Problem details ::
The copy you return should hold every record below word for word and no images.

Records for this exercise START

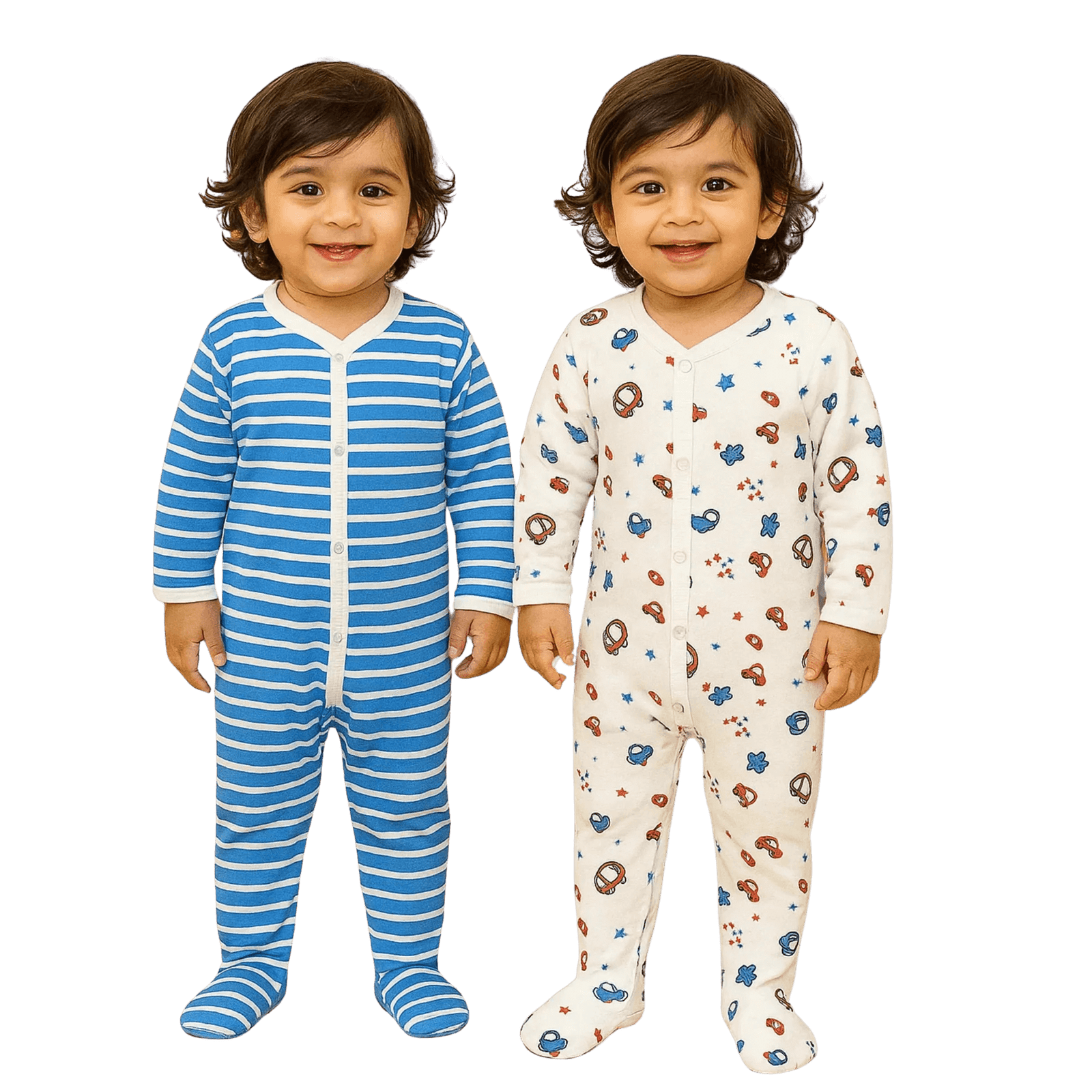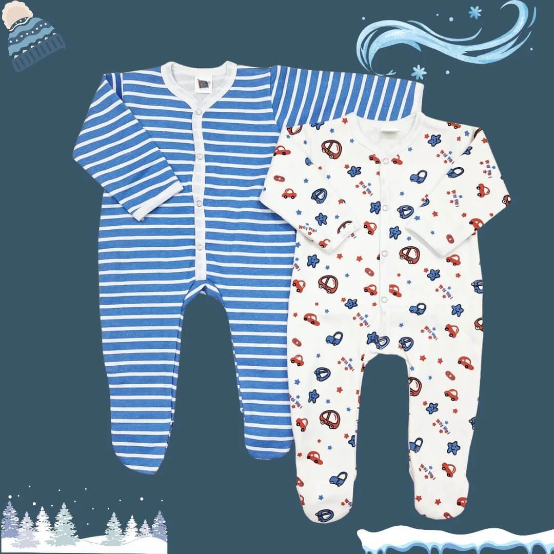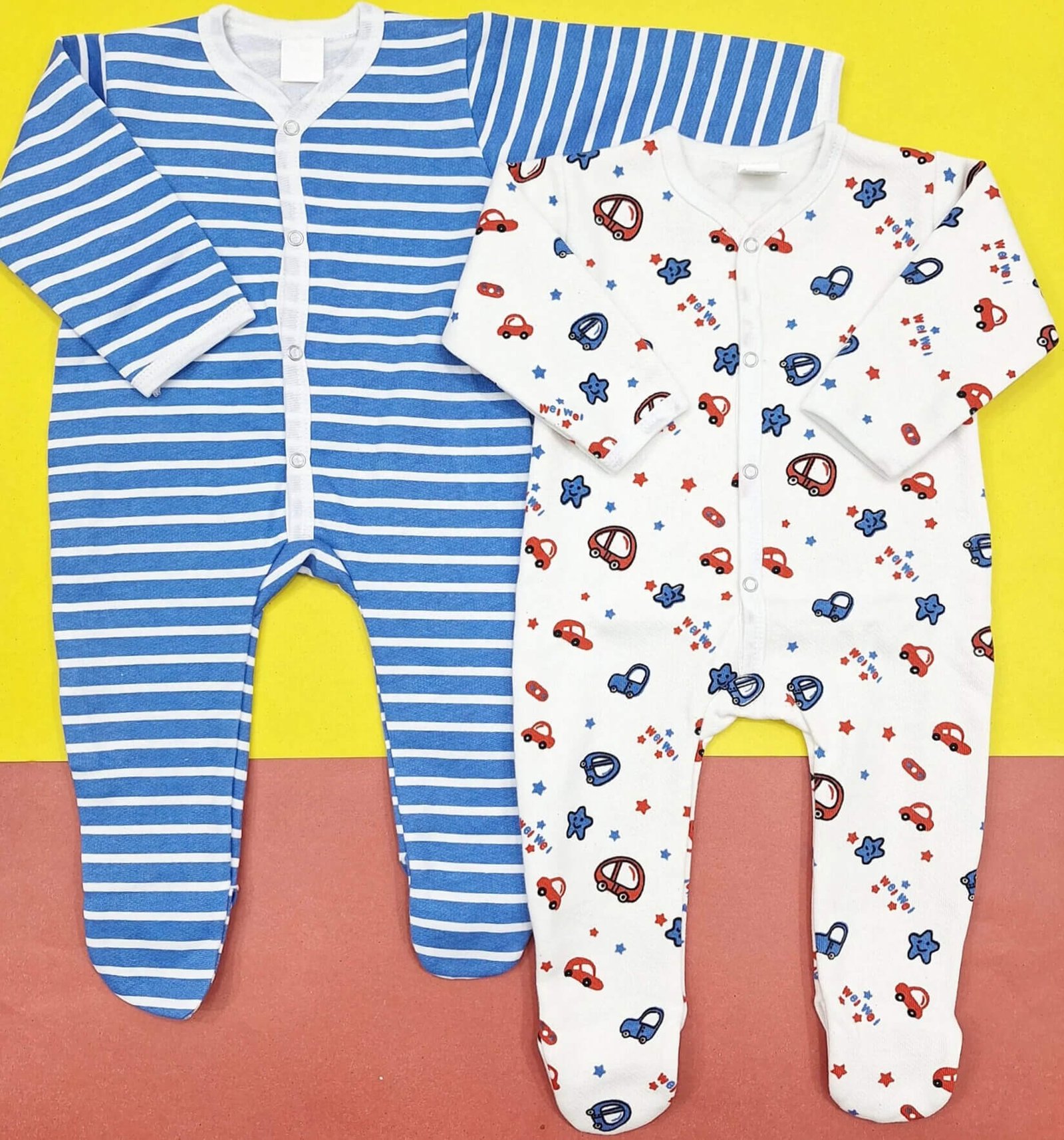 Pack of 2 Rompers – Fleece – Blue – Stripes & Cars
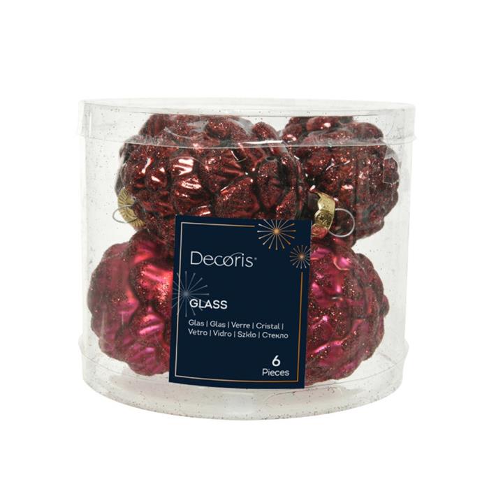 Sada skleněných ozdob šišky s glitry vínové 6ks
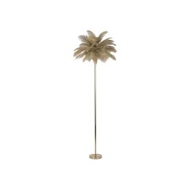 Piantana in metallo nero dal design arcuato e lineare completa di elegante paralume composto da piume sintetiche.
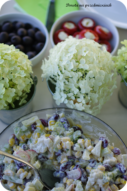 Wszystko co trzeba kroimy, doprawiamy solą i pieprzem, mieszamy z majonezem i chłodzimy
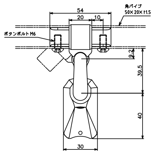 50×50の角パイプ支柱で構成されているステンレス手摺[AR-K50]のブラケットです。 手摺の傾斜角度は45°まで可能です。 ※材質:
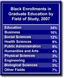 Of the 170,167 African Americans who are enrolled in graduate school, 34 percent are enrolled in programs in the field of education. For whites, 29 percent of all graduate students are enrolled in education programs.
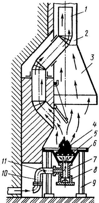 Более совершенная конструкция открытого горна показана на рис. 1.1.5. Горновая чаша (п.6) с чугунной решеткой (п.5), а также фурма (п.7) с крышкой (п.8) крепятся на сварной металлической подставке (п.9). Воздух от вентилятора подается в очаг горна по трубе (п.10) и регулируется заслонкой (п.11). Уголь (п. 4) закладывается на чугунную решетку, а газы удаляются через зонт (п.3) и две трубы (п.1) и (п.2). При прохождении дыма через наружную трубу внутренняя нагревается, что улучшает тягу. Зола и шлак, которые накапливаются на дне зольника, удаляются при открытии крышки (п.8).
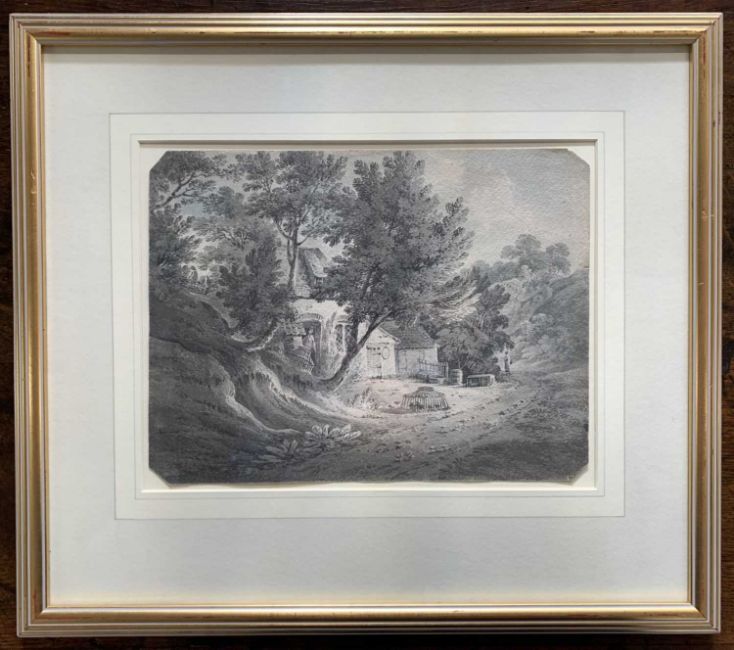 Rev James Bourne (1773-1854) 'A Cottage in Elliot's Lime Pits', Croydon, watercolour and wash, circa 1825, Abbott and Holder label on backboard, 25x33cm, framed and glazed.

Records for this exercise END

Answer to this problem ::
 Pack of 2 Rompers – Fleece – Blue – Stripes & Cars
 Sada skleněných ozdob šišky s glitry vínové 6ks
 Piantana in metallo nero dal design arcuato e lineare completa di elegante paralume composto da piume sintetiche.
 Wszystko co trzeba kroimy, doprawiamy solą i pieprzem, mieszamy z majonezem i chłodzimy
 50×50の角パイプ支柱で構成されているステンレス手摺[AR-K50]のブラケットです。 手摺の傾斜角度は45°まで可能です。 ※材質:
 Of the 170,167 African Americans who are enrolled in graduate school, 34 percent are enrolled in programs in the field of education. For whites, 29 percent of all graduate students are enrolled in education programs.
 Более совершенная конструкция открытого горна показана на рис. 1.1.5. Горновая чаша (п.6) с чугунной решеткой (п.5), а также фурма (п.7) с крышкой (п.8) крепятся на сварной металлической подставке (п.9). Воздух от вентилятора подается в очаг горна по трубе (п.10) и регулируется заслонкой (п.11). Уголь (п. 4) закладывается на чугунную решетку, а газы удаляются через зонт (п.3) и две трубы (п.1) и (п.2). При прохождении дыма через наружную трубу внутренняя нагревается, что улучшает тягу. Зола и шлак, которые накапливаются на дне зольника, удаляются при открытии крышки (п.8).
 Rev James Bourne (1773-1854) 'A Cottage in Elliot's Lime Pits', Croydon, watercolour and wash, circa 1825, Abbott and Holder label on backboard, 25x33cm, framed and glazed.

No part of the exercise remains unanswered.